▶ **ABOUT THIS EXERCISE**
For this exercise, output the entries below exactly from the line that holds "Black Dad hat" to the line that holds "Общая площадь37 м²", both ends included. No pictures belong in the copy.

▶ **SUPPLIED RECORDS**

>>>>>

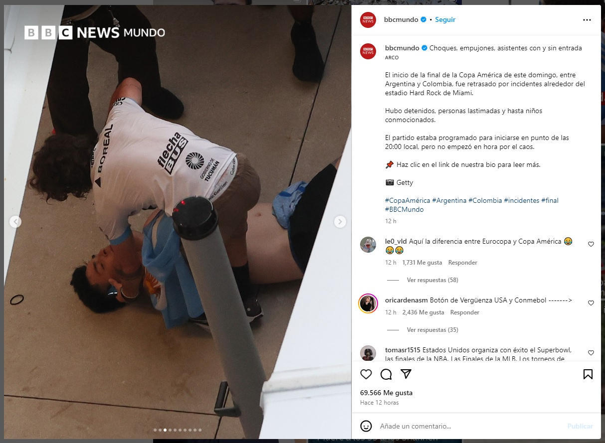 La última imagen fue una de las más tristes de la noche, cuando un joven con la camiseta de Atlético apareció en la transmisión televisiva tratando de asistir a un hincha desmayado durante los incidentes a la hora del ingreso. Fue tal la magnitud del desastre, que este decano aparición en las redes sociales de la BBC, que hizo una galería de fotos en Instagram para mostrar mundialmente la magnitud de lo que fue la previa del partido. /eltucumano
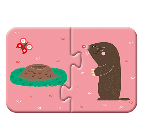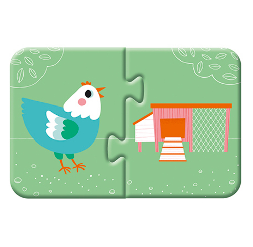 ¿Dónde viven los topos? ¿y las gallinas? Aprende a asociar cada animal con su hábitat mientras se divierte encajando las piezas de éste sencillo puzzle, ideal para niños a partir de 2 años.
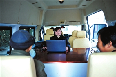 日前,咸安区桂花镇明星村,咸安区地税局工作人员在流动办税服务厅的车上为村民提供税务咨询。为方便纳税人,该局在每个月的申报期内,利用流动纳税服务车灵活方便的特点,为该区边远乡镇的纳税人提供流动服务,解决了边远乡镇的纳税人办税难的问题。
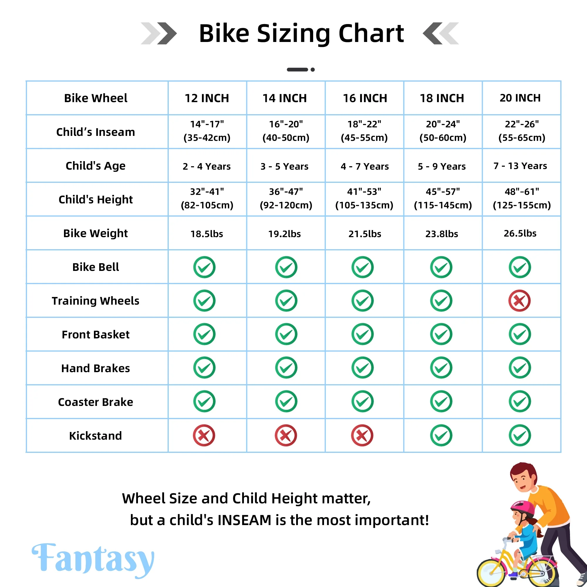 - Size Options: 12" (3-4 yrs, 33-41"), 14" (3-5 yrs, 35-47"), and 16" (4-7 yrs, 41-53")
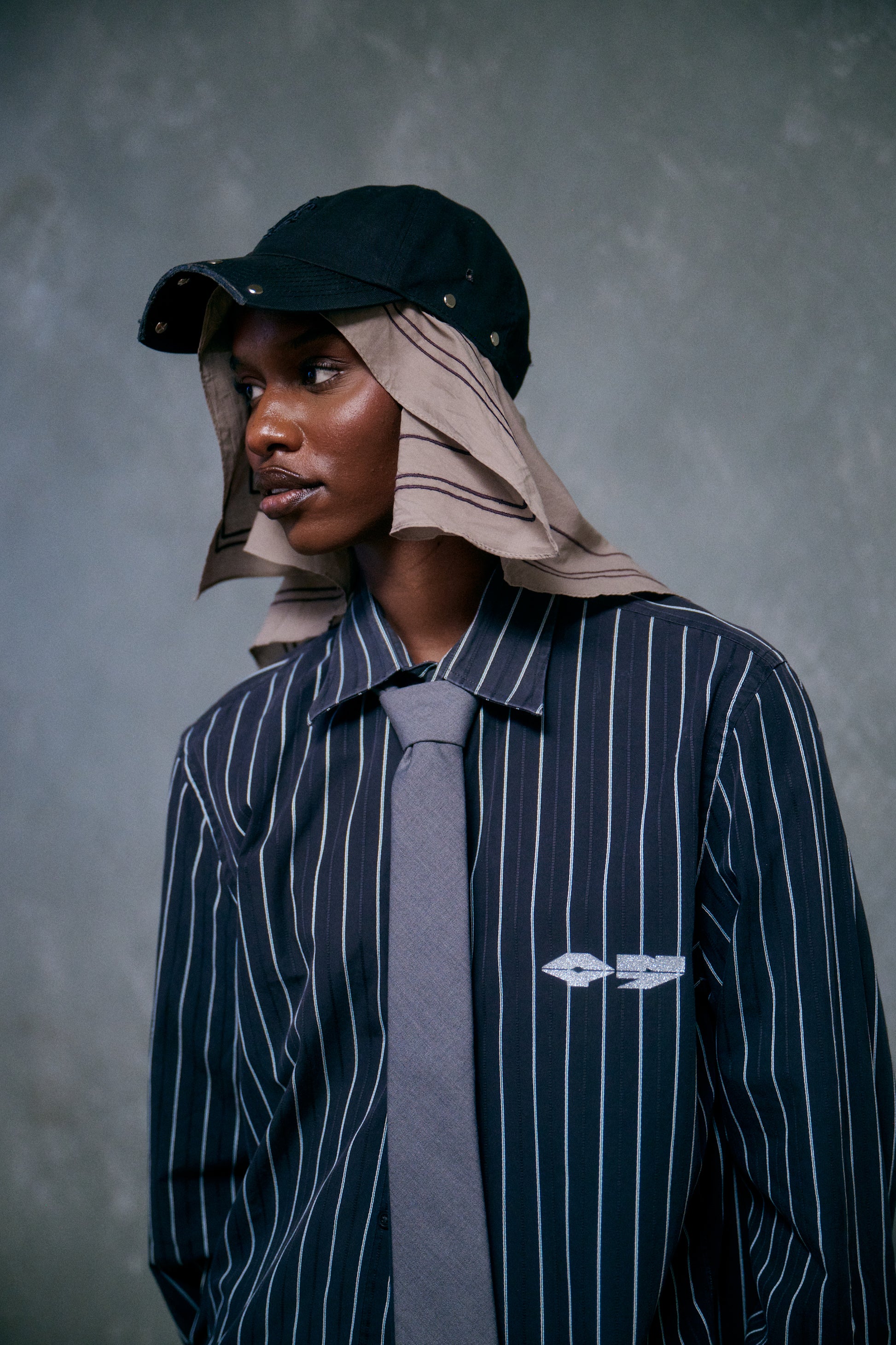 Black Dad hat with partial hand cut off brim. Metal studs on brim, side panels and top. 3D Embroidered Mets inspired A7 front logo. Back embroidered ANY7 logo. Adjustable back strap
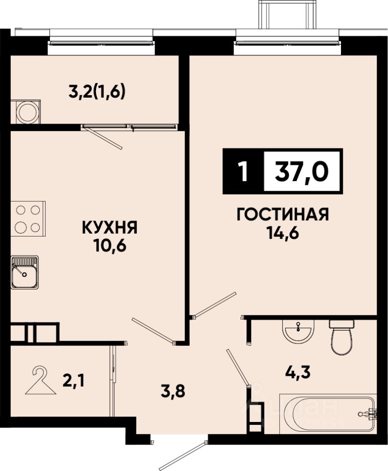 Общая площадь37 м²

<<<<<
>>>>>

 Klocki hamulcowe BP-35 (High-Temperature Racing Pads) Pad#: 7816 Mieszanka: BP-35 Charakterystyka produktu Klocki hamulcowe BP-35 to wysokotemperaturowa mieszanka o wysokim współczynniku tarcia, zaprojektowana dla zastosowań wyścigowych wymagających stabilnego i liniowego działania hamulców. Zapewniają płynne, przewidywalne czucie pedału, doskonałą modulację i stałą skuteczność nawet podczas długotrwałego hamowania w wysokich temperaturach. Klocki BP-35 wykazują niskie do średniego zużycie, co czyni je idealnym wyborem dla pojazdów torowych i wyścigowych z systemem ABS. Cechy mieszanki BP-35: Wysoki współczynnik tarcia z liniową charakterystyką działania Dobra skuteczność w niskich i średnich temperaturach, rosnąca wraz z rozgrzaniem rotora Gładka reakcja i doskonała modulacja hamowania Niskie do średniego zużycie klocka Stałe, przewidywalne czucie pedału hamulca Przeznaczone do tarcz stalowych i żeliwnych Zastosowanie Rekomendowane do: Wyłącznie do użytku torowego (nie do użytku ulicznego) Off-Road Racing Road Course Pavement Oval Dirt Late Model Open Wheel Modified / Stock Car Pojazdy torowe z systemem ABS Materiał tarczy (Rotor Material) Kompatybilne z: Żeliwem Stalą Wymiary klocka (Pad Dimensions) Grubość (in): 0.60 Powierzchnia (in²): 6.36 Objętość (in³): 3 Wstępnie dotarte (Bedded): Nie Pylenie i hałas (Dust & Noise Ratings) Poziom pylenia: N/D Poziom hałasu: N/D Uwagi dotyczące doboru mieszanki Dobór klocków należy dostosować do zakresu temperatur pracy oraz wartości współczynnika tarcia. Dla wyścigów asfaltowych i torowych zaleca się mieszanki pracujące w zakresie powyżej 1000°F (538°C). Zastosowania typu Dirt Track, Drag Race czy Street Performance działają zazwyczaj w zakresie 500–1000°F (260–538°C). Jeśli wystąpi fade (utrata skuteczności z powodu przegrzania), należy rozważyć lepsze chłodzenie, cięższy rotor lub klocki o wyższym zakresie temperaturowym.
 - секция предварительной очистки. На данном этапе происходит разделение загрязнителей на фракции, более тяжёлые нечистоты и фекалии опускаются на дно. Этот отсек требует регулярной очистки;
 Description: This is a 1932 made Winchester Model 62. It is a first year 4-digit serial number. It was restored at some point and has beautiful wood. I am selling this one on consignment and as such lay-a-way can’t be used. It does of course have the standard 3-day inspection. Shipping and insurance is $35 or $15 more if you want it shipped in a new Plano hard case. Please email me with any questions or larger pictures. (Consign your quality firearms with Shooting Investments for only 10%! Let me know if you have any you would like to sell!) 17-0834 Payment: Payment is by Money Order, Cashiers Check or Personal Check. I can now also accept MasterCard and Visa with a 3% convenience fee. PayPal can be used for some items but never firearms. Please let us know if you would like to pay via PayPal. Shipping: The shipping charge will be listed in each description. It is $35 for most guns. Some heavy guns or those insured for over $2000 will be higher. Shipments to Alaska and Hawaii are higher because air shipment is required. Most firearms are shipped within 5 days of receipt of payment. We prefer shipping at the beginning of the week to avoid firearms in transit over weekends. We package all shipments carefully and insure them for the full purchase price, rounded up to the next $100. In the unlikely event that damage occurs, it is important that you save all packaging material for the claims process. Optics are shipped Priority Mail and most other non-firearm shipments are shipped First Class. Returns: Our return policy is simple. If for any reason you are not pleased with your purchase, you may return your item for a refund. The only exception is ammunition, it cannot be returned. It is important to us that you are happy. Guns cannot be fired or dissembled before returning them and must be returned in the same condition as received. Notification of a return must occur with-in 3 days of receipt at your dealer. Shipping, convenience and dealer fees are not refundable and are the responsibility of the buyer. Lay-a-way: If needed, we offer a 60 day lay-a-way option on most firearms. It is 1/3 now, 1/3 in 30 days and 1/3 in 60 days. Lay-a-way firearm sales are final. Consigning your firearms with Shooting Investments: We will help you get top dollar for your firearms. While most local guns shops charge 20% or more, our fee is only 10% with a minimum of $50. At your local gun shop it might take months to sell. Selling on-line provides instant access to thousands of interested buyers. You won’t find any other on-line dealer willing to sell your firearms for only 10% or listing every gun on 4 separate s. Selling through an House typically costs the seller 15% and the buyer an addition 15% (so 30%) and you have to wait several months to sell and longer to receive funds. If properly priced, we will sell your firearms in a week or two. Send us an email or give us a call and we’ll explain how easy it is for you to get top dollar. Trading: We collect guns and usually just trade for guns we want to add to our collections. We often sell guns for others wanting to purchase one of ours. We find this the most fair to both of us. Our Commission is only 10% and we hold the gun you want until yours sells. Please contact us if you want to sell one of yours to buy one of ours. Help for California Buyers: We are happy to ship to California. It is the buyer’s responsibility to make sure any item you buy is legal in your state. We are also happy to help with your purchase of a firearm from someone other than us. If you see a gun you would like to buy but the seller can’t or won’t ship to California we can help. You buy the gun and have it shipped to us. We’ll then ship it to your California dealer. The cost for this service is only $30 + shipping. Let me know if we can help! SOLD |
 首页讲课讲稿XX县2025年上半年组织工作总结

<<<<<

▶ **REPLY TO THE EXERCISE**
 Black Dad hat with partial hand cut off brim. Metal studs on brim, side panels and top. 3D Embroidered Mets inspired A7 front logo. Back embroidered ANY7 logo. Adjustable back strap
 Общая площадь37 м²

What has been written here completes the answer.